Broke and Burned Out: Moms of ’08 Election?
Soccer moms, security moms ….. How will the mothers’ vote be labeled this year? Broke and burned out moms?
Possibly. A new survey of 12,000 women by Working America/AFL-CIO finds mothers so strapped financially that half said they’d take a second job if they had more free time. But they don’t have extra time; in fact, they have so little left after meeting the needs of employers and families, that nearly half of the women reported having either no time left or less than one hour a day.
Do you know a mother like this? She’s up early every day, getting herself and kids off to work or school (even babies and toddlers), cramming multiple tasks into each segment of the day, skipping lunch to get some mom duties done that cannot be done after bedtime, returning home to a “second shift” of cooking, cleaning, organizing, and high- to low-quality time with her family. Ever notice she’s online late at night? That’s an opportunity to get even more things done.

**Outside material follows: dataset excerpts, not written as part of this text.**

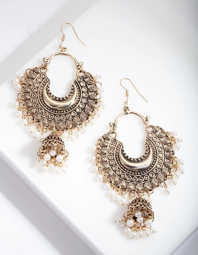 Antique Gold Diamante & Pearl Vintage Drop Earrings
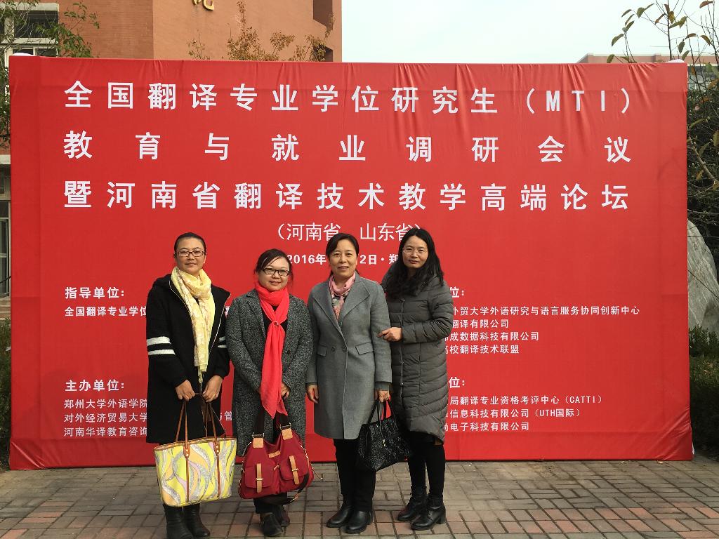 11月12日,全国翻译专业学位研究生(MTI)教育与就业(河南省、山东省)调研会议暨河南省翻译技术教学高端论坛在郑州大学外语学院召开,外语学院院长郭银玲、副院长史春柳等一行四人参加了会议。
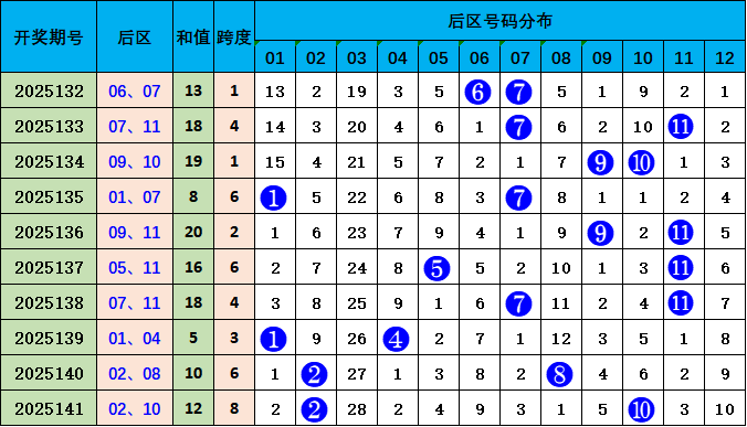 后区分析:上期后区开出02 10,开出和值12,和值范围在5-20之间,波动范围较大,本期预测和值下降趋势,重点关注号码02 05,和值7。
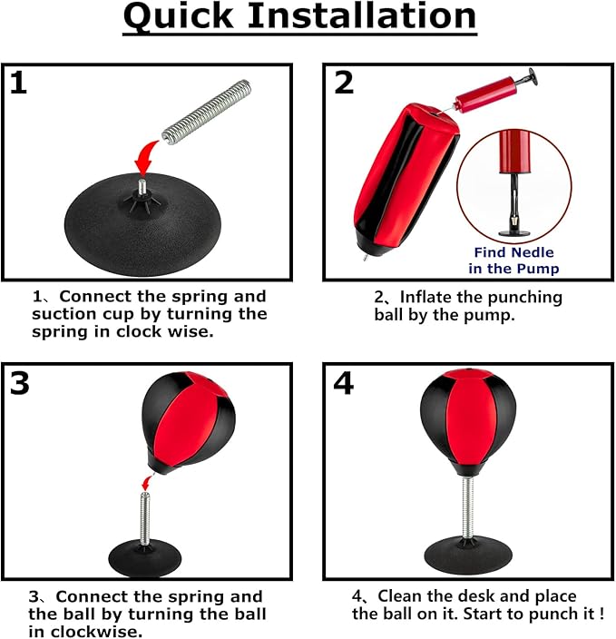 - 【EASY INSTALLATION】The stress buster is very easy to install. It also comes with an air pump so not much effort is needed to inflate the punching ball. No screws needed to attach it to your desk or countertop since it has a suction cup as a base so you can easily stick it to any flat surface.

This strategy works for awhile but it won’t be long before she burns out. And if she spends her few free minutes each day reading, she might also become depressed to learn that mothers are 79% less likely to be hired than equally qualified non-mothers. And, as if that weren’t enough, she’ll discover the research that mothers are typically offered $11,000 lower starting pay than non-mothers with the same resume!

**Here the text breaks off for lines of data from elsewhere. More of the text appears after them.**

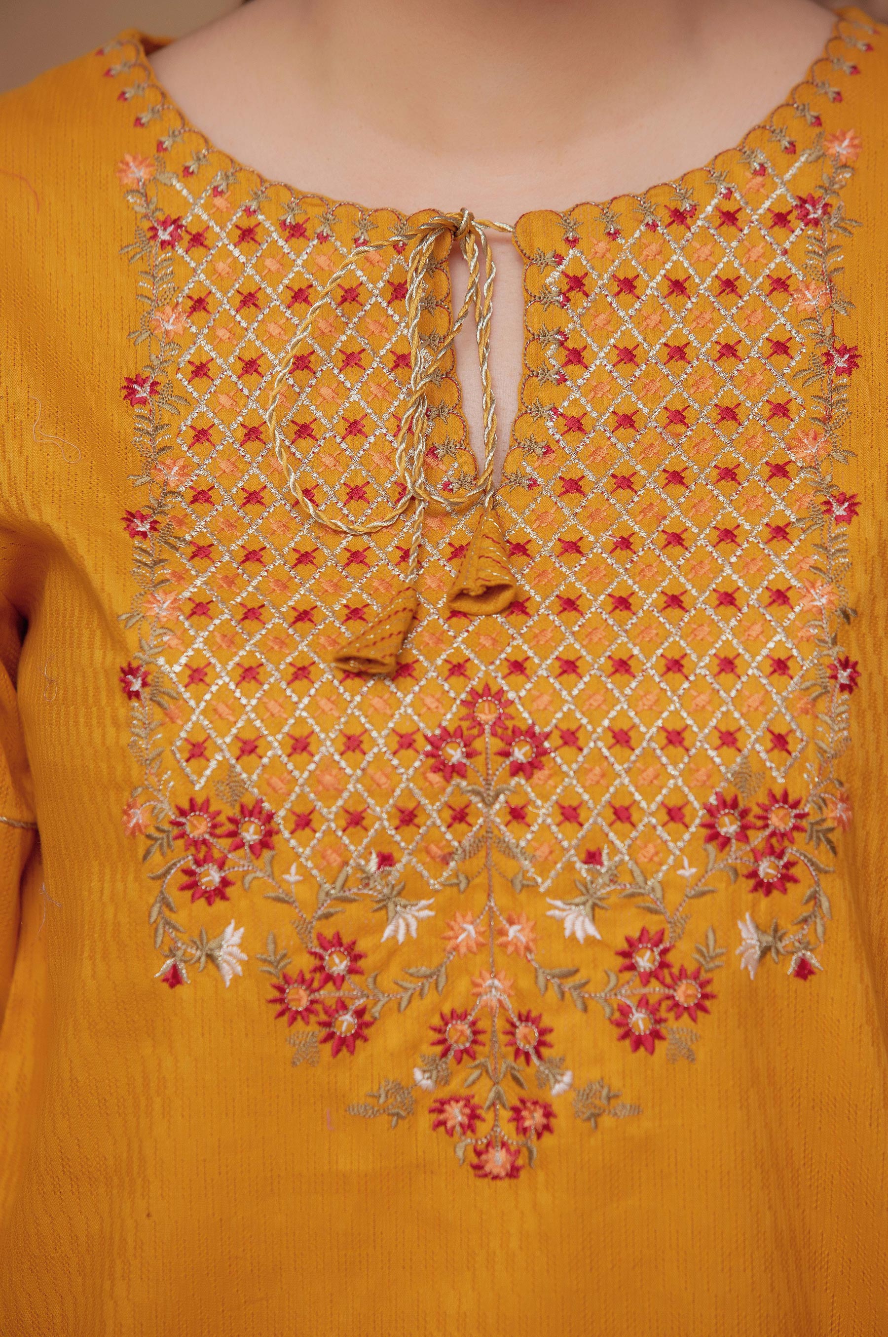 This Ochre colored tarkashi shirt has traditional embroidered neckline yet it is styled to keep you in spotlight with the play of charma, colored stitches on sleeves and a hint of embroidery on hemline.
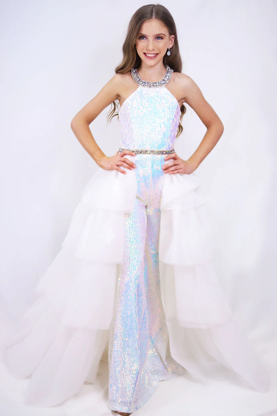 Be the star of the show with the Ava Presley K27725 Pantsuit. This unique outfit features a stylish over skirt and high neck, perfect for pageants and kids formal events. Make a statement with this one-of-a-kind ensemble.
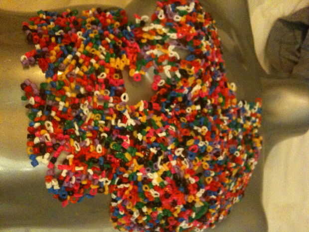 Pero mientras que los granos están derritiendo uso el utensilio de metal y madera para fusionar aún más, esto crea un efecto de mancha y también mantiene las cuentas más fuertes juntos cuando enfriado

So “broke and burned out” fits the bill for this presidential election year’s label for the much-coveted mom vote. The Working America/AFL-CIO report concludes that moms need “more money and more time for themselves.” Will the presidential candidates--who want what may well be the swing vote of working women—acknowledge these real concerns? Not likely, Anna Quindlen argues in Newsweek . She says that cutesy labels like "soccer moms" and "security moms" seemingly give mothers a voice in elections. But since candidates ultimately do not take their concerns seriously, women might as well be Polly Pockets: tiny, plastic dolls who have no real voice or influence.
What can be done? Moms must make their voices heard, and there is reason for optimism here. Motherhood often redefines and revitalizes a woman’s political consciousness, say the authors of a collection of essays in the book, The Politics of Motherhood (edited by Alexis Jetter). Further, the Working America/AFL-CIO study says, "Despite the pressures, or perhaps because of them, working women continue to strongly support gains for women as a class. Eighty percent of the respondents say they identify with the goals and ideals of feminism, and 43 percent feel strongly about it. And they are not just hoping for change: 90 percent say they voted in the last election, and six in 10 support efforts to encourage voting by women."
Broke and burned out, yes. Political Polly Pockets, no. There is still time to let the candidates know that moms need equal pay, excellent child care and schools, paid family leave, and flexible work arrangements. Leverage that one hour left in the day to move America to become more mother-friendly. Join MomsRising.org (or other mom-friendly organizations) and take action quickly and easily via online petitions and campaigns. Or write to the candidates, attend their rallies, and talk to your friends and associates about your concerns and priorities. Then treat yourself to a well-earned nap.